I like to pretend I don’t see uncomfortable people.
I don’t see the guy with the cardboard sign…in fact, I refuse to look at him.
I look past the woman with the unkept hair and the bad skin.
I don’t see the weird kid with the haunted look.
You think I’m cold. Maybe I am. But I’m also afraid.
I’ve seen that look in the mirror. And I never want to see it again.
I worked hard to keep my appearance unalarming. I didn’t want people to notice how alarmed I was at where I found myself.
I have felt the dread in the pit of my stomach that wonders how it is that I’m NOT holding that sign.
And it terrifies me…until I remember something important…
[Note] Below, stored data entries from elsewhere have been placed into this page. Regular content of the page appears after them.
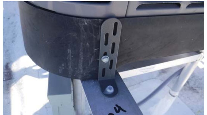
AC tie downs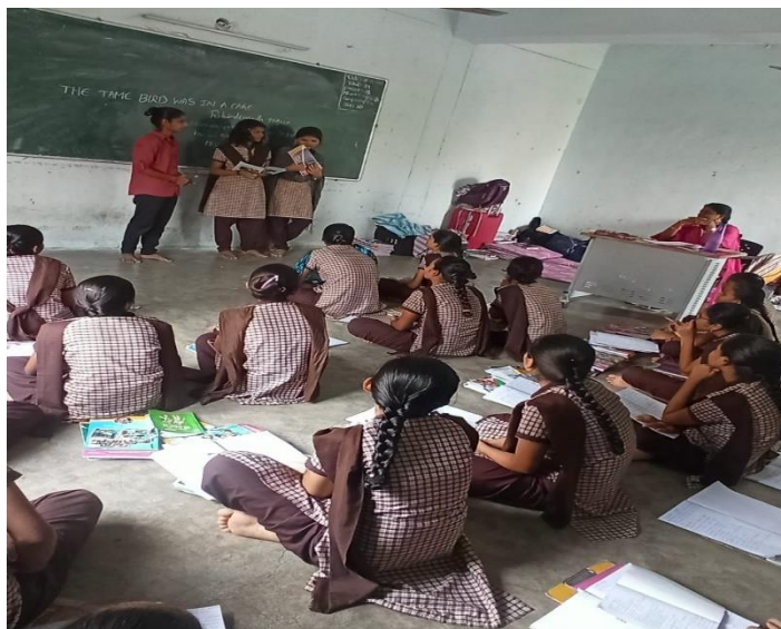
Student Seminar on "The Tame bird was in a cage" from the Department of English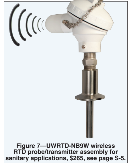
Figure 7—UWRD-NB9W wireless RTD probe/transmitter assembly for sanitary applications, $265, see page S-5.

well as add analytical and control software to improve process control and monitoring. Figure 7 shows an RTD-to-wireless unit that transmits measurements to a matching receiver that can handle up to 48 channels. Matching software logs data and provides process control signals.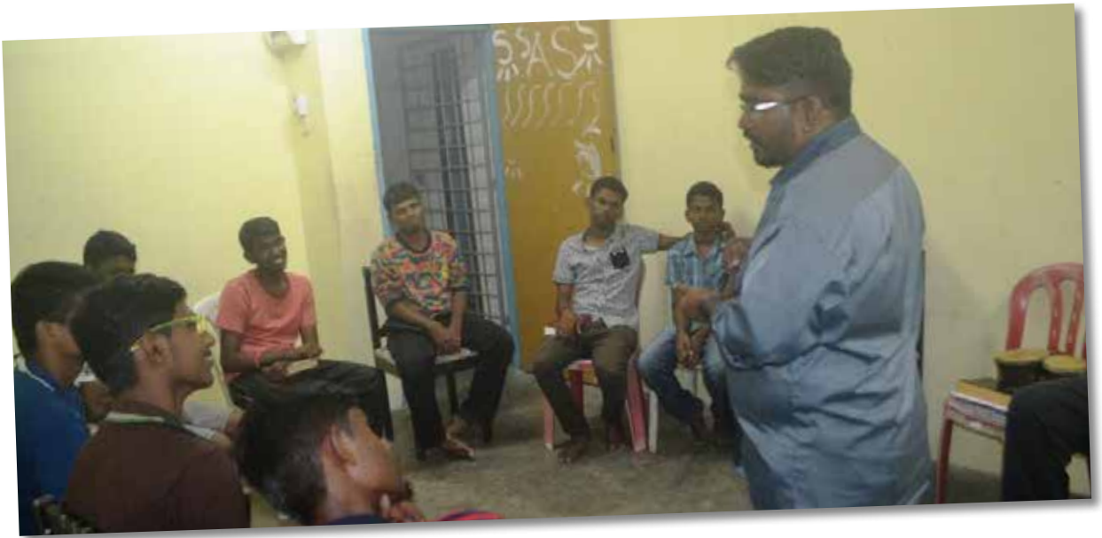
Church volunteers guiding on tuesday sessions at hostel.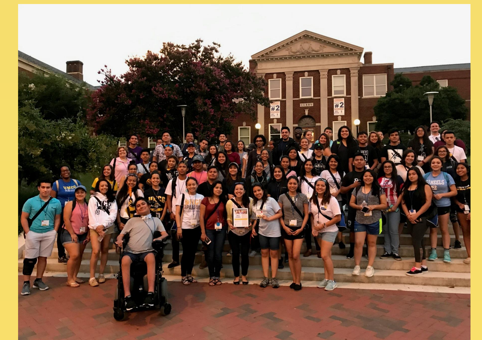
CHANCE students and University mentors posing for a group picture on campus.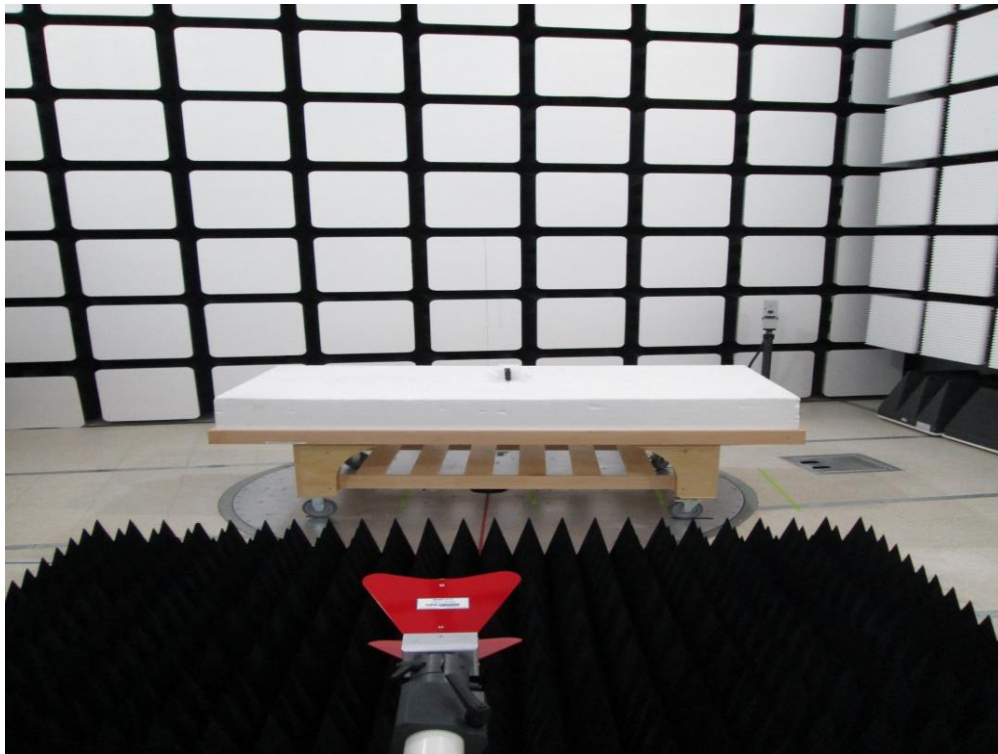
Fig.5 Radiated Emissions Test Setup (>1 GHz)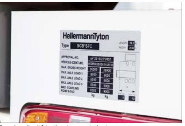
Type plate of an HGV trailer with protective laminate.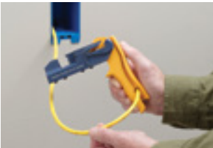
1. Strip cable jacket with a standard cable stripper or the built-in cable stripper.

Get accurate terminations and clean, consistent cuts every time with the JackRapid Termination Tool.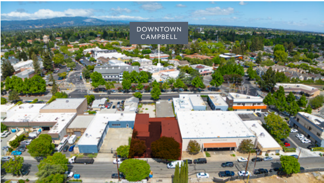
Walking Distance to Downtown Campbell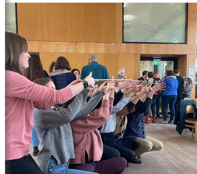
Above: All-staff meetings in Edinburgh, June 2023 and March 2024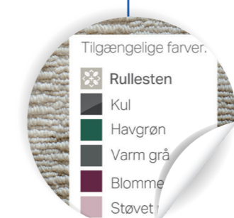
Indicate other colours available in the range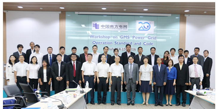
Participants of the workshop together with the MI team at the MI Headquarters.

They also acquired a better understanding of the quality and performance of China's power equipment through a four-day Structured Learning Visit to Honghe Power Dispatching and Control Center, Honghe Power Monitoring Center, 500kV Tongbao Substation, 500kV Tongbao Series Compensation Station, Nanzhuang Grid-connected Photovoltaic Plant, Yunnan Power Dispatching and Control Center, Vehicle-based Emergency Communication System and National Engineering Laboratory for UHV Technology.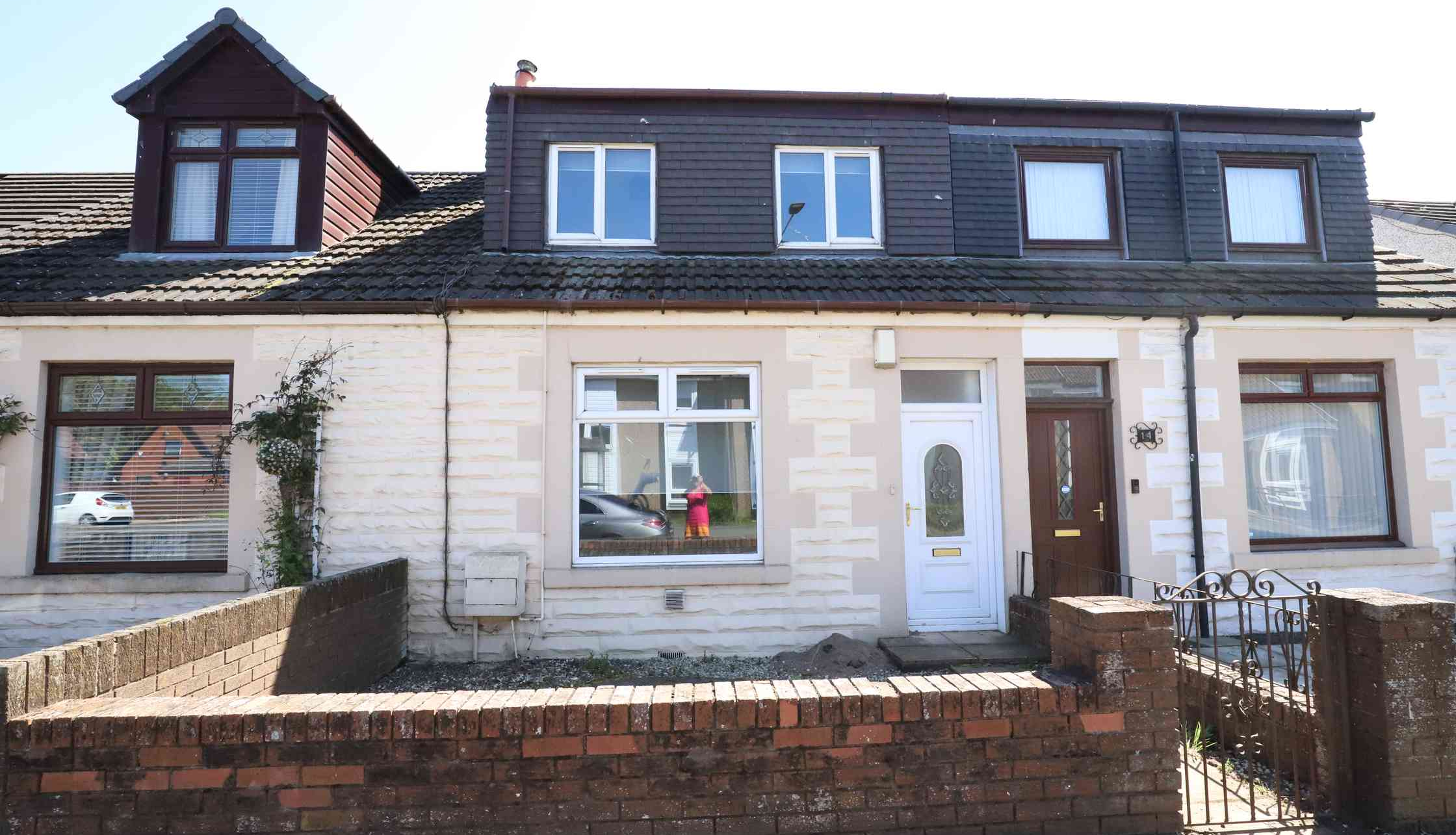
Offers Over £149,500 16 Cardenden Road, Cardenden, Lochgelly, Fife, KY5 0PA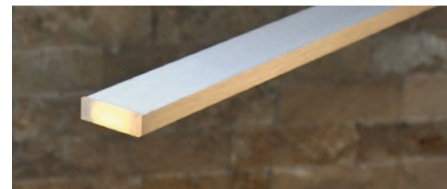
Durchleuchtete Endkappe Translucent end cap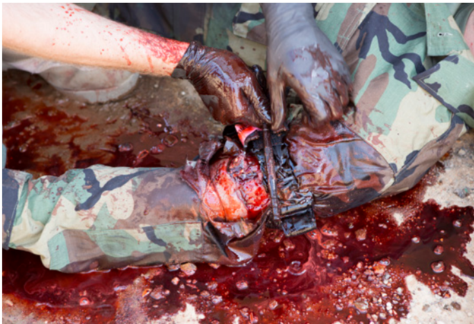
HEMORRHAGE CONTROL - ARM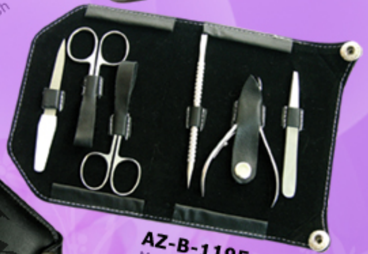
AZ-B-1195 Manicure kit with 6 Pcs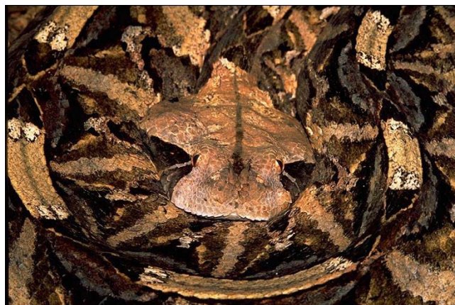
Figure 3 Bitis gabonica .

Snakes are called 'nzoka' and 'thuol' in the Kamba and Luo language respectively. In Kambaland, a number of venomous species were identified: "nzoka ya kiko" or Naja melanoleuca (Fig. 2); the very fierce "yaitha" or Dendroaspis polylepis and 'kimbuwa' or Bitis spp. (Fig. 3) the puff adders. With exception of the spitting cobra, these snakes typically deliver venom through two hollow teeth called fangs; the venom is called 'kiri' in Dholuo and "sumu" in Kikamba . Spitting cobras are notable for visiting settled areas and are reputed to spit venom toward enemies up to 2.5 m away. There was concurrence among the informants that some snake bite cases were caused by malevolent persons.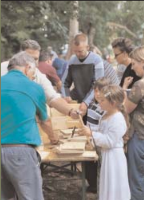
Nest Box Making

All materials will be provided and light refreshments will also be available. There will be plenty of displays and information from our partner organisations too.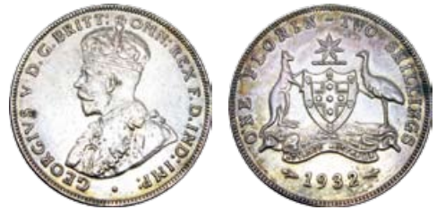
391 1932. Key date. Purple/blue tone. Rare. gEF $2800-3000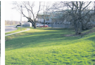
WHAT A DEAL THIS PROPERTY IS! $95,000 David Burland* 09-081-VL W2024635

Someone saw me. Someone gave just what I needed at the time. Someone kept me from the brink of disaster.
…what if they hadn’t…?
What if Leslie hadn’t given me produce? I didn’t have a garden and couldn’t afford to buy fruits and veggies.
What if Ellie hadn’t given her excess jam & pickles? These ‘extras’ made the meals more palatable.
What if Chad hadn’t given money every month? Sometimes his $300 was the only money that came in.
What if that person hadn’t left money in the mailbox? The power bill was long overdue and winter was coming.
Maybe that someone was you. If it was, I thank you. I don’t know you...
But Jesus does. And He says, “…whatever you did for the least of these, you did for Me,” (Matt. 25:40).